We went through the gates and pulled up the one-lane drive to the house. I was about to put my shirt back on when someone without a heartbeat stepped out of the front door to announce him.
“Help!” Isaac shouted-and ducked.
The vampire lunged at the car just as I pulled the trigger. If I’d have been merely human, Isaac would have made it, but I was half vampire topped off with two pints of Bones, and he didn’t stand a chance. Isaac’s head exploded. Blood splattered everywhere, coating the windows and me in a layer of gore.
My door was ripped off its frame in the next second, but that was long enough for me to aim again. In lightning succession I fired into the vampire’s open mouth, knocking him backward, pulling the trigger over and over until there was nothing but clicks, and then I jumped him.
His face was a mess. He was healing, but with pieces of his skull mimicking Isaac’s current state, it took him too long. I snatched a knife from his belt with relief, ramming it through his heart just in time to whirl and face the other two running vampires.
One went airborne. I ducked to let him sail over me. He landed on the car instead, giving me those needed moments to sprint forward and launch myself on his partner. Swipe, swipe, and he went down, an expression of disbelief on his face. Being underestimated was the greatest thing ever.
The other vampire regained his bearings and circled me, fangs gleaming. There were screams from inside the house and the guard station. I heard Frankie calling for backup, and then the sound of him running. Dammit. Soon this place would be swarming with cops. Or worse.
I backed away and pretended to trip. Fang Face bought it, springing forward. His momentum made the knife I flung sink that much deeper into his chest. He was still snarling when he landed on me, and I rolled backward in a somersault and kicked him through the front window, jumping up immediately to follow him. Better him getting cut up making a doorway than me.
Gunfire erupted from inside and outside the house as the human security guards tried to defend their employer. I grabbed the dying vampire and threw him at two of the closest shooters, knocking them over. Then I ran through the dining room, past the stone fireplace with the lovely exposed-beam ceiling, and up the stairs. Behind me there was chaos as they scrambled to chase.
I didn’t focus on them. I heard Oliver on the phone, calling for help, and that was all I centered my concentration on. I made it down the hall, his accelerated heartbeat my beacon, and burst through the door that stood between me and my prey.

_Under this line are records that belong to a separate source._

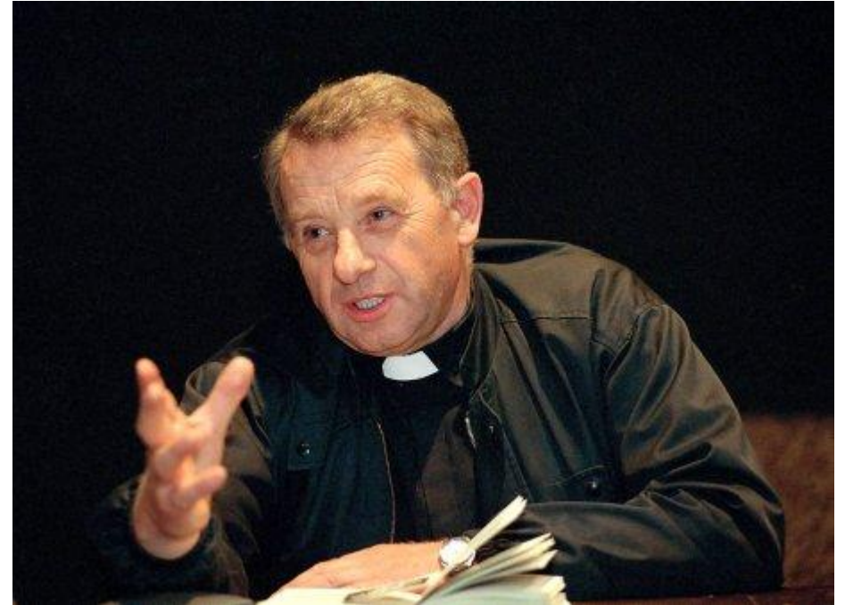
Józef Tischner (1931 – 2000)

„Was kann Westeuropa einem aus dem GuLag Entlassenen derzeit anbieten? Was haben ihm Existenzialismus, Strukturalismus, Psychoanalyse, Hermeneutik und Sprachphilosophie und nicht zuletzt auch der Neuthomismus zu sagen? Wird ihm als erstes geraten, sich von seinem Alptraum ablenken zu lassen? Wird man ihm weismachen, daß das Bild Gottes vor Auschwitz mit jenem danach identisch ist und der Mensch jetzt nach den GuLags der gleiche geblieben ist? Will nun Westeuropa ernsthaft darauf bestehen, daß nun alles vorbei ist und bald vergessen sein wird? Waren also wirklich alle Totalitarismen nichts weiter als ein Betriebsunfall, der dem europäischen Verstand zwar einmal passiert ist, ihn aber nicht daran hindern wird, unbeirrt am Bau der künftigen glücklichen Welt weiterzubasteln?“
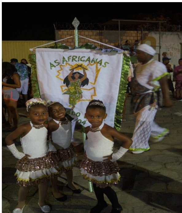
Imagem 19: As Africanas, desfile de 2018

Além de estarem atravessados pelas ancestralidades africanas, os elementos musicais do maculelê refletem muito sobre as relações afetivas existentes na comunidade em que está inserido, apresentando características de tratamento em suas músicas entre o grupo e os ouvintes. Cada música entoada tem suas designações: a música de iniciar o desfile; chegando a uma casa, é entoado o pedido de permissão para se apresentar na frente da mesma; em homenagem a pessoas importantes para a história do grupo e da comunidade; as de agradecimento pela hospitalidade; e as de louvação aos ancestrais e orixás.
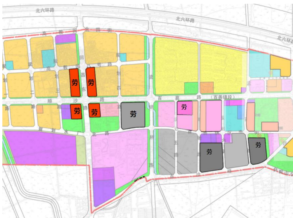
图 5 百善镇四村劳动力安置用地项目示意图

百善镇四村劳动力安置用地项目涉及百善、牛房圈、二德庄、东沙屯四个村，占地 21.1 万平方米，建筑面积 22.83 万平方米，全部地块已实现场清地净。“十四五”期间，将在街区单元规划编制时，探索地块集中整理可行性，按照类园区规模，探索形成产业集聚规模效应。同时精准匹配项目，将劳安地块纳入昌平高精尖产业企业项目储备用地，聚焦打造科技创新综合体，对接高教园区产学研合作研究基地、科技创新联合体等科教融合平台落地，引进优质资源和企业负责全额投资、建设和运维，拓展村集体经济发展新路径。
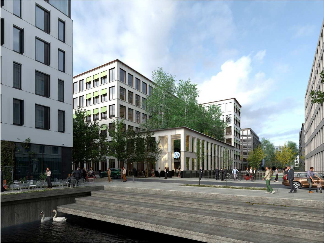
Visualisering af projekt med havemur i 2 etager set fra Istanbulgade
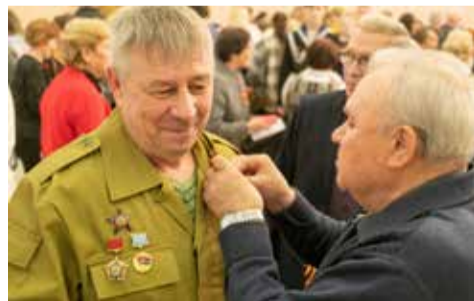
Воин-интернационалист заслужил георгиевскую ленточку

Под занавес вечера казанские солисты исполнили «День Победы», а камазовцы, поднявшись со своих кресел, дружно пропели знакомые с детства строки. Встреча 80-летия Победы началась достойно.
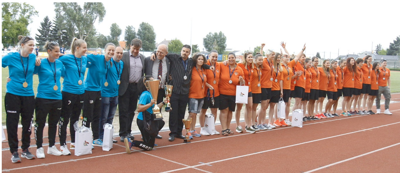
Felemelő volt a hangulat a 3. Női Budapest Kupa döntőjén

Az MLSZ Budapesti Igazgatóság a 42. Budapest Kupa döntő előtt rendezte meg a III. Női Budapest Kupa döntőt, melyet ezúttal a Kormányőr SE és a Metis csapata játszott.
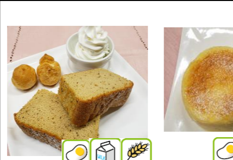
シフォンケーキ 540円
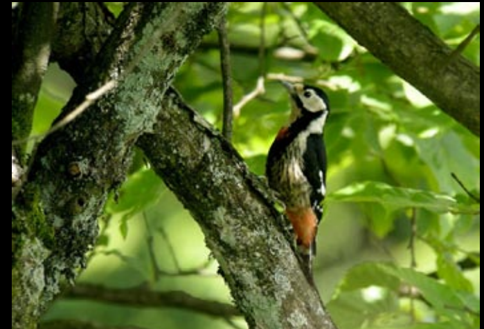
Pic à poitrine rouge vive, 31/05/09, Hunan, Ba da gong shan

The bullet meant for my chest tore through my shoulder instead as I lurched, seeing the gun too late. Oliver fired again, hitting me in the leg. It knocked me over and I fell, momentarily stunned by the impact and cursing myself for stupidly rushing in like that.
Frankie and two more guards came huffing up the stairs. I didn’t turn around, but kept my glare on Oliver as he leveled his gun at me with a rock-steady hand.
“Isaac’s dead,” I said roughly, throbs of pain from the bullets almost paralyzing me. “There won’t be any explosion at the hospital.”
“Governor Oliver!” one of the men gasped. “Are you hurt?”
Oliver had sky-blue eyes. Very clear and bright, and that salt-and-chestnut hair was as perfectly coiffed as it had been in his campaign photos.
“Frankie, Stephen, John…get the fuck out of here,” he said cleanly.
“But sir!” they chorused.
“She’s down on her knees and I’ve got her at gunpoint, get the fuck out of here!” he roared. “Now!”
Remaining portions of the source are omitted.